It was noted by the Commissioner of Indian Affairs in 1852 that Indian tribes were living by pillage due to the lack of available buffalo.  Because one buffalo brought as much as $2-$10 each for the sale of the Robe, carts were loaded by the hunter and skinners quickly, with as many as 100-250 being hauled at a time.  Within a period of 10 years, the bison was hunted to near extinction in the United States and Canada.  A firm buying bison robes (hair on the hide) in Chicago reported that from 1876-1884 they purchased 246,175 robes.  In 1885, there were almost none for them to buy and in 1887, $10 per robe was paid because they had become so scarce.

While buttons from Bison horn may have been made, it's doubtful that during the heyday period that the Bison was aggressively harvested that the hooves and horns were brought in for sale very often to button makers.  Documentation showed that .25 was paid for the inky black horns and hooves at one time (compared to approximately $4-$10 per robe).  Due to the profit of the robe, and the fact that only the thick winter furred hides were in demand, many were skinned quickly in the field during the short season and wagon space was limited to the high dollar robes, requiring that the carcass and other parts were left to rot.

 By 1885 the American Bison was almost completely hunted out of the United States and Canada.  In 1890 there was an estimated 625 Bison left in the US and in 1902 only 72 in the United States and 25 in Canada.

So, after reading The Extermination of the American Bison by William T. Hornaday of 1889, I'm pretty sure that the Buffalo Buttons (like shown on the original card above) were only a manufacturer taking advantage of a gullible pubic who was blindly buying anything that was labeled as a Bison (Buffalo) product.  

Horn can be translucent, and sometimes a bright light will shine through it, especially at the thinner edges or at a thin deep welled center of a sew-through or thin stamped design.  

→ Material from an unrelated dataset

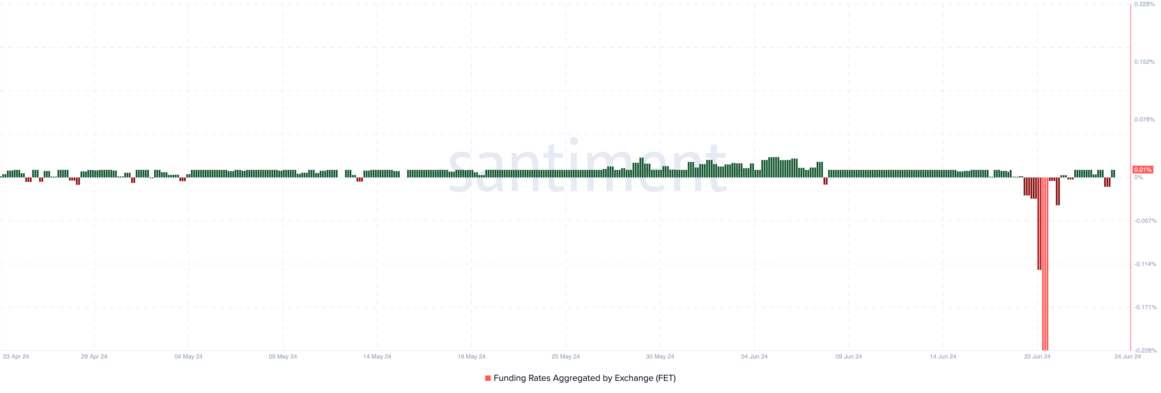 In den frühen Stunden des 24. Juli war die Finanzierung negativ, was darauf hindeutet, dass Händler negative Renditen von FET erwarten. Zum Zeitpunkt dieses Schreibens ist der Wert jedoch wieder in die grüne Zone zurückgekehrt und liegt bei 0,01 Prozent.

Natural horn colors range from deep black to brown, red and honey blond to almost white, along with some mottled colors, depending on the species and if taken from head horns or hooves.  Horn also takes well to dye and bleaching.  You can also find decorative finishes applied to horn as well as a host of other materials that were impression inlaid into the surface by means of first heating the horn to a plastic state and pressing metal, shell, etc. into the material.
Pin shank horn with a bone disk flush inlaid in the center.
Sometimes natural horn (and some plastics) are mottled in amber or yellow and brown and can be hard to discern from Tortoise shell.  Careful hot needle testing may be necessary.  A wonderful surprise is that sometimes horn has a thin veneer of tortoise shell laminated to the top of the horn.  It's still classified as horn, but the Tortoise Shell will be considered for extra points on a horn tray.  Tortoise shell usually has richer tones to it than horn.

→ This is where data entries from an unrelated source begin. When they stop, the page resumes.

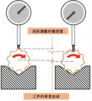 另一種經(jīng)常使用的判定圓度的方法是將被測工件放在一個 V 型塊中,并在與千分表或類似的指示器相接觸的情況下旋轉(zhuǎn)它。這實質(zhì)上是一種三點法,而不是上面所說的兩點法。如果零件確實是圓的,不規(guī)則度可以忽略不計,指示器的指針就不會移動。 形狀上的誤差會使千分表顯示讀數(shù),然而當(dāng)不規(guī)則的地方接觸到 V 型塊時,零件也會上下移動。此外,在測量軸類工件時,與 V 型塊相接觸的不只限于被測平面。這就意味著,零件沿其半徑方向的不規(guī)則特征將影響千分表的讀數(shù)。三點法的局限性在于結(jié)果可能會因 V 形角和不規(guī)則特征的間距而變化。 |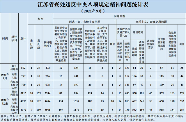 2021年9月,全省共查处违反中央八项规定精神问题502起,处理797人,其中给予党纪政务处分709人。从问题类型看,查处形式主义、官僚主义问题165起、处理293人,查处享乐主义、奢靡之风问题337起、处理504人。从人员级别看,处理市厅级干部1人、县处级干部30人、乡科级及以下人员766人。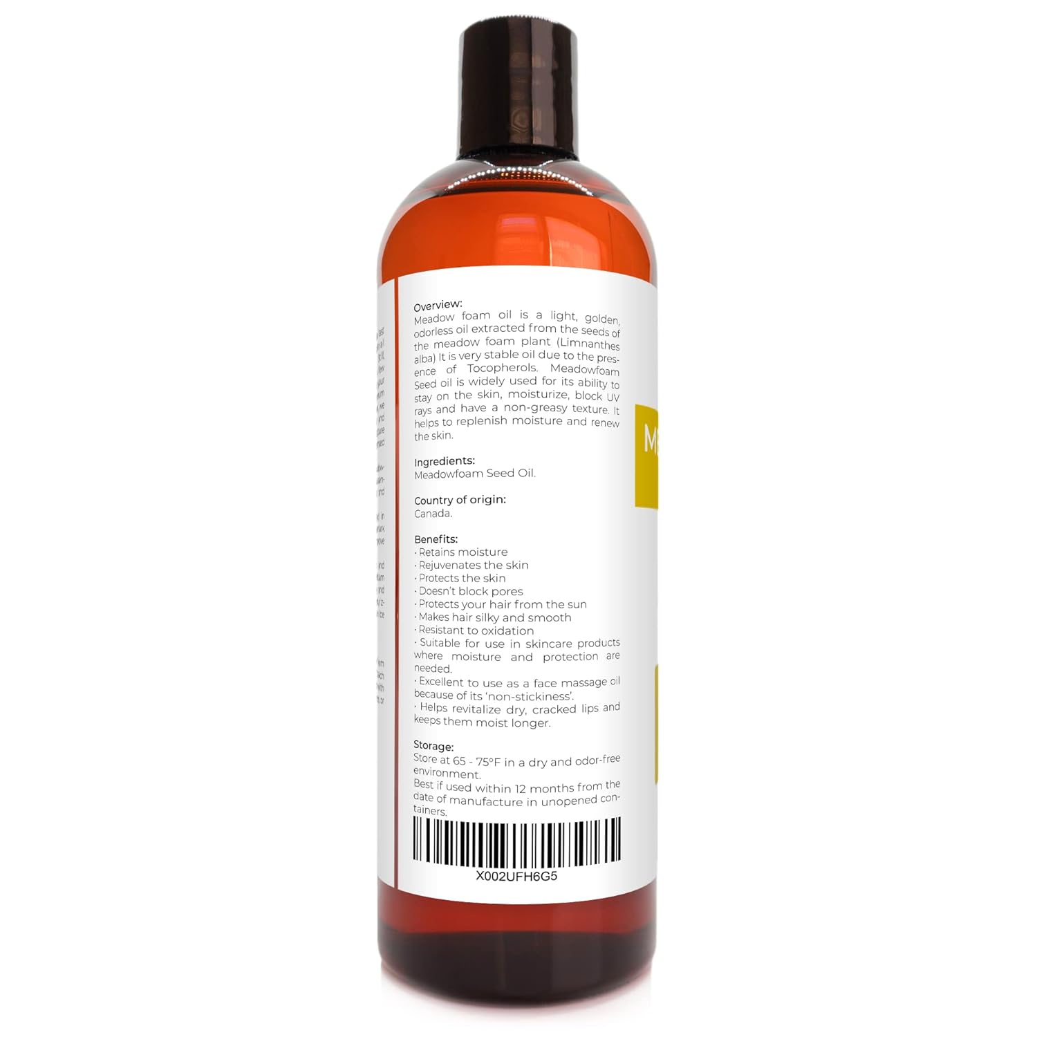Meadowfoam Oil: 100% Pure and Natural Carrier Oil. Refined. Expeller Pressed. Not Diluted, Non-GMO, No Additives, No Fragrance, Chemical Free, Alcohol Free. All our products are bottled in the USA

Many horn buttons will have a ring mold mark on the back and can be back marked with the manufacturer's information or country.  Immense quantities of horn buttons were made in both Italy and France and some of the most beautiful molded horn and interesting pictorial buttons were made by Albert Parent et Cie of France (founded 1825) as well as other French companies.  Many are back marked with company names or initials and the city name of Paris.

Shank types are a knob shape drilled self shank or inserted brass eye, pin shank, lathed or molded self shank, one face hole whistle, 2 and 4 hole sew through (sometimes 3!) as well as inserted metal or eye shanks. 

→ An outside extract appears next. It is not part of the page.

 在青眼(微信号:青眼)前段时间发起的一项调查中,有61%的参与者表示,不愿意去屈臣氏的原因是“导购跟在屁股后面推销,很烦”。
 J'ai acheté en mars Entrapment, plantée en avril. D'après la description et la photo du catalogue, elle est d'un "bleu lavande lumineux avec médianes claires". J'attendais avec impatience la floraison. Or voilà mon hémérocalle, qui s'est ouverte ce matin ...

A hole can be found on the back of some horn buttons is called a pick mark.  Nope, they're not from someone doing hot needle testing and making holes! Workers used a sharp pointed awl like pick to remove the button from the mold while the material was still hot.  

Bug holes, on the other hand, are a dead giveaway in horn (they love munching on horn and tortoise shell buttons) and a sign that there may STILL be a problem.  If you see damage like that, and the button is still worth keeping, it may be best to wrap the button in plastic wrap (to keep out moisture) and seal the button in a Zip Lock bag with Mothballs or put in the freezer (but not if your button has steel OME or a steel shank) for 2-3 days to eliminate the chance that larvae or eggs are still in the button and will attack your collection of horn buttons.  

The damage isn't done by the beetle really, it's done by the hatched larvae left behind by a carpet beetle, also known as the (dreaded) Dermestid!  
Destructive little Dermestid Beetle.  Also known as a Carpet Beetle.
Yup, YUCKY!  *makes the ooky face and wiggles*

They'll also eat wool clothing and rugs, horn, tortoise shell, taxidermy and a host of other natural materials in your home.  The best way to keep them out of your collection is to put your card of horn buttons in a 10 x 13 zip top bag, quarantine new purchases and regularly check them.  If you see small castings (the outer split open and cast off skin of the larvae) in the bottom of a plastic storage sleeve, well, Lucy, you've got a BIG problem!

If you hot tool test horn, it will give you that nasty burned hair or wet feathers smell, usually accompanied by a slight sizzle.  Do this well after lunch.  *makes the yuck face* If you have tortoise shell instead, it will emit a fishy or seaweed like smell.

Taste identification for horn?  Blah!  Never!  LOL  See Dermestid bug above.  Yeah...not happening, so I can't tell you if it tastes like anything at all!  Ha ha...

Composition:  
Composition actually was the first Thermoplastic and the name has been attached to this mix of materials for buttons since the mid 1800's.   A thermoplastic will harden after it is heated, but will become softened again with heat.  

A composite material is any mix that makes a material that becomes different (stronger) than the characteristics of the individual materials.  An example of an elementary and simple composite is mud and straw, which make bricks.

Composition is only a Division I (pre 1918) material (and DID YOU KNOW?  It is the ONLY button material that wasn't made after 1918!).  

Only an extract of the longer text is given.